Entering commands one at a time

To enter your first commands, you can try one at a time.  The TextArea is the box to the right of the viewing area.  For example, you can enter ANGLE=0.  This sets the current angle of the turtle to 0 degrees relative to the coordinate system (similar as pointing west, 90 would be north, 180 east, 270 south).  Then press the Add button.  This sends the commands in the list to our turtle. The turtle will then carry out the command as it is received.  It will also save the commands in its memory, which is displayed in the left half of the viewing area. If the Hide check box is selected the commands do not display.  For your next command you can delete the current command in the TextArea and type in your new command, such as FORWARD 100 and press Add.  The turtle will then move 100 pixels to the right.  You can continue this and experiment with the various commands which are listed at the bottom of viewing page.  Stay away from the DO UNTIL loops and the IF ENDIF statements if your are as yet unfamiliar with the flow of programming instructions. You can return to them later as they will save quite a bit of typing commands.  If you make a mistake you can type ERASE and press the Add button and the last command will be erase as well as the turtle's position and orientation.  The ERASE command works well for the pure turtle commands.   Erasing other commands may have effects other than intended, but not necessarily harmful.

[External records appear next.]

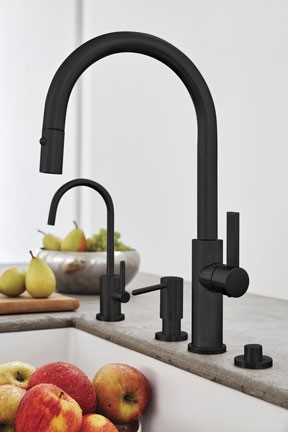 According to California Faucets, Matte Black is the new black. Offering a dramatic departure from stainless steel and chrome, black has broken through the barrier of traditional finish colors in a big way. Black brings warmth and elegance to a room, offering a refreshing change from the norm. California Faucets offers a variety of premium black hues for its recently-launched Kitchen Collection including Matte Black, Carbon Black, and Black Nickel.
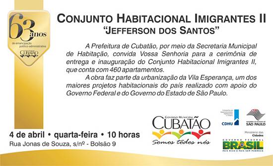 Convite emitido pela Prefeitura para a inauguração do conjunto habitacional
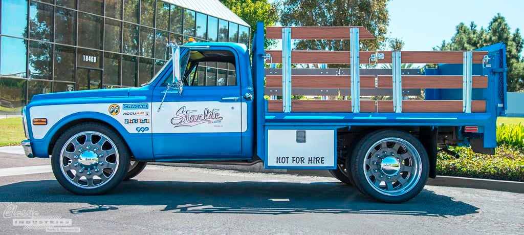 The remainder of the GMC truck was painted in a unique satin blue metallic, including the flatbed and rear lift gate. White accents with black pinstriping were layered on top, and finished off with the Starlite script logo on each door in eye-catching silverleaf. Finally, "Not for Hire" lettering was added, as well as several brand logos to show off the parts Edgar uses on his project cars. The GMC also features a variety of Classic Industries restoration parts, including the grill, hood emblem, billet dash panel, marker lights, and window seals.
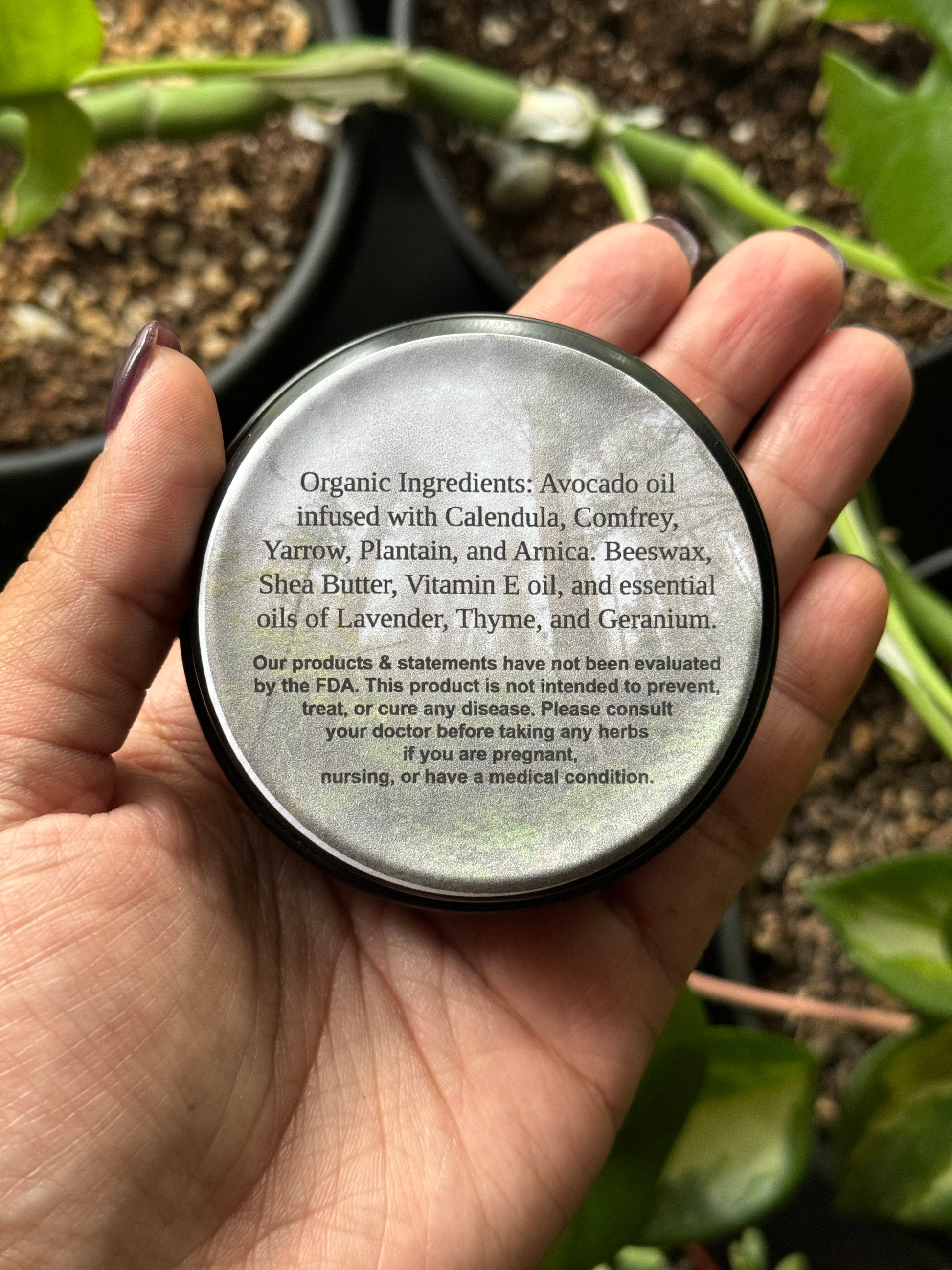 Healers Touch is great because not only can you use it on wounds, you can also use it on tattoos! We infused avocado oil with healing herbs and added some healing essential oils. This balm contains herbs that are antimicrobial, antiseptic, anti-inflammatory, and anti-bacterial. With all these amazing herbs and oils this salve may disinfect, soothe, and speed healing. We made this amazing salve in a 1oz container so its small enough to pack on any trip!
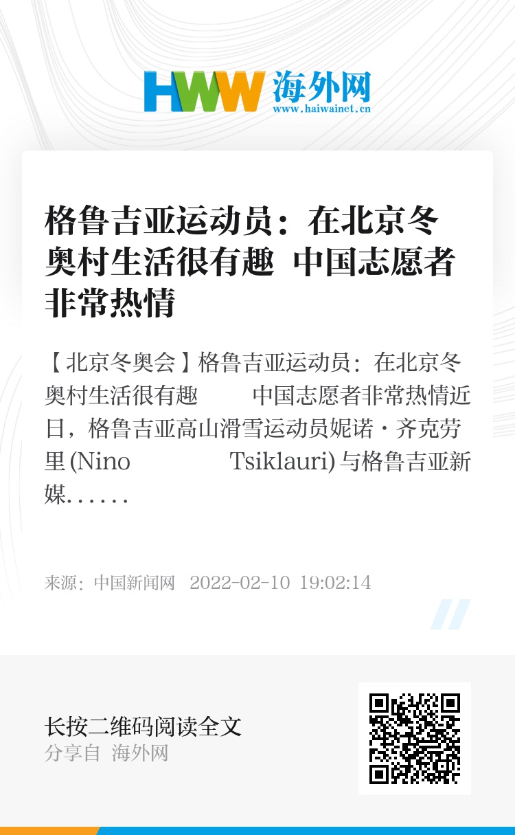 被问及在北京冬奥村生活是什么感觉,齐克劳里说,“非常有趣!因为不同领域的运动员都住在同一个地方,我们可以见到很多奥运冠军和世界冠军,可以和他们一起训练。这对我们来说很有帮助,大家都非常友好,我们可以互相学习,这种感觉非常好。”(制作 吕慧乾 视频来源 @格鲁吉亚Tamo桃漫)
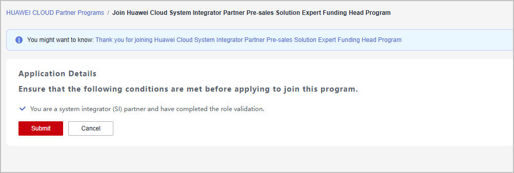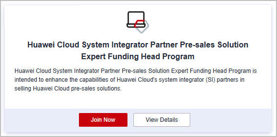 Help Center/ Partner Center/ User Guide/ Partner Programs/ Huawei Cloud System Integrator Partner Pre-sales Solution Expert Funding Head Program/ Joining Huawei Cloud System Integrator Partner Pre-sales Solution Expert Funding Head Program

Entering multiple commands

As you pressed the Add button each time each instruction was added to the list in the turtles memory.  If you had pressed the Replace button the turtle's memory would be erased and the new commands would be the only ones in it.  The turtle would still be where he was, but would not know how he got there.  After you get more proficient, you can enter a series of commands in the TextArea and press the Replace button to enter the whole lot. 

Controlling command flow

You will notice that the commands displayed in the left of the viewing area are displayed in a light gray color.  The current position in the command list is displayed in yellow.  You can have the turtle execute all of the commands in its memory by pressing the Start button.  You can see the command as it is executed displayed in yellow.  You can press the Step button to step through the commands one at a time for a closer look at what is going on.  If you click on a command in the turtle's memory, it will be displayed in red.  This indicates a stopping place for the turtle (breakpoint).  Thus if you press start, the command flow will proceed to the breakpoint and stop.  You can restart by pressing the Step button to take another step and then press the Resume button.

Loops and repeating sequences

As you get more and more complicated command sequences you will see that many geometrical shapes can be performed in a looping sequence.  You are offered a toned down hodgepodge of commands from several programming languages such as Basic, C and Perl.  Consider a pentangle.  You want to move a specific length for a side, turn a certain number of degrees left (360/5 or 72), but you want do this 5 times.  Instead of entering the commands 5 times you can put them in a loop. The DO UNTIL statement performs this function. To create a do loop, you want to consider what will end the loop.  In the case of our pentangle, we want to do it 5 times, so you will want a counter to count to 5, incrementing once each time through the loop and have the loop end when the counter reaches 5.  You have 3 variables to use for such purposes.  I, J and K.  So you can set the variable before the beginning of the do loop, so it doesn't get set during each iteration of the loop.  You set the variable by entering I = 0.  Then the next line would begin the loop.  This is done by entering in DO for the next line.  Then put in your commands like FORWARD 100 and then LEFT 72.  Then you want to increment the counter.   You can do this in two ways, by typing in I += 1, or I++.   Then you put in your loop end statement as UNTIL I >= 5.   The following commands will draw a pentangle.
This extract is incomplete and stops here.